**TASK OBJECTIVE:** Repeat the listing word for word. Leave every picture out.

**INFORMATION SUPPLIED:**
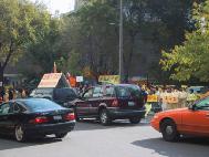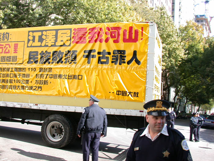 在江XX从酒店后门进入酒店后,一辆箱形卡车出现在酒店及附近,缓缓行驶,为迎江队伍带来一片寂静。车头上方写着大型“江卖国”字样并配有一张江搂抱叶利钦的图片。车身四周张挂着大型黄色布幅,上面用红黑蓝三色大字写着“江泽民,还我河山!民族败类,千古罪人”“344万平方公里国土正式纳入俄国版图”“千古罪人,罪责难逃!”等字样。据一位芝城居民介绍,这辆箱形卡车自10月19日起,便开始在中国城来回行驶。
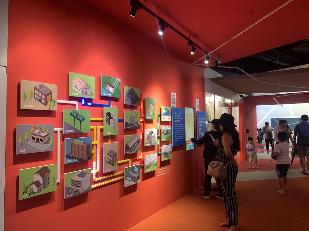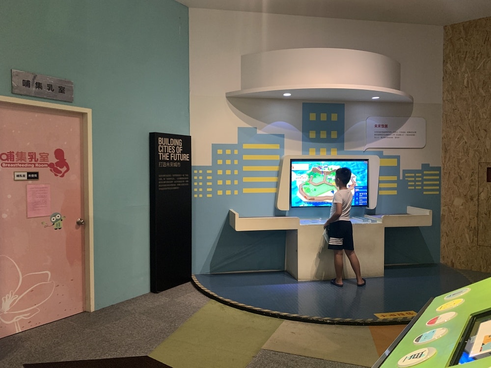 「打造未來城市」,不同的壓克力版代表一個設施,每個設施需要的電力和排放的二氧化碳不同,讓小孩自行決定要蓋哪些設備。
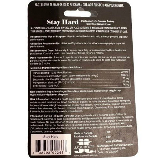 Le produit Stay Hard pour homme est autorisé pour la vente au Canada, car il détient une autorisation de mise en marché valide sous la forme du NPN 80025806.

**TASK RESULT:**
 在江XX从酒店后门进入酒店后,一辆箱形卡车出现在酒店及附近,缓缓行驶,为迎江队伍带来一片寂静。车头上方写着大型“江卖国”字样并配有一张江搂抱叶利钦的图片。车身四周张挂着大型黄色布幅,上面用红黑蓝三色大字写着“江泽民,还我河山!民族败类,千古罪人”“344万平方公里国土正式纳入俄国版图”“千古罪人,罪责难逃!”等字样。据一位芝城居民介绍,这辆箱形卡车自10月19日起,便开始在中国城来回行驶。
 「打造未來城市」,不同的壓克力版代表一個設施,每個設施需要的電力和排放的二氧化碳不同,讓小孩自行決定要蓋哪些設備。
 Le produit Stay Hard pour homme est autorisé pour la vente au Canada, car il détient une autorisation de mise en marché valide sous la forme du NPN 80025806.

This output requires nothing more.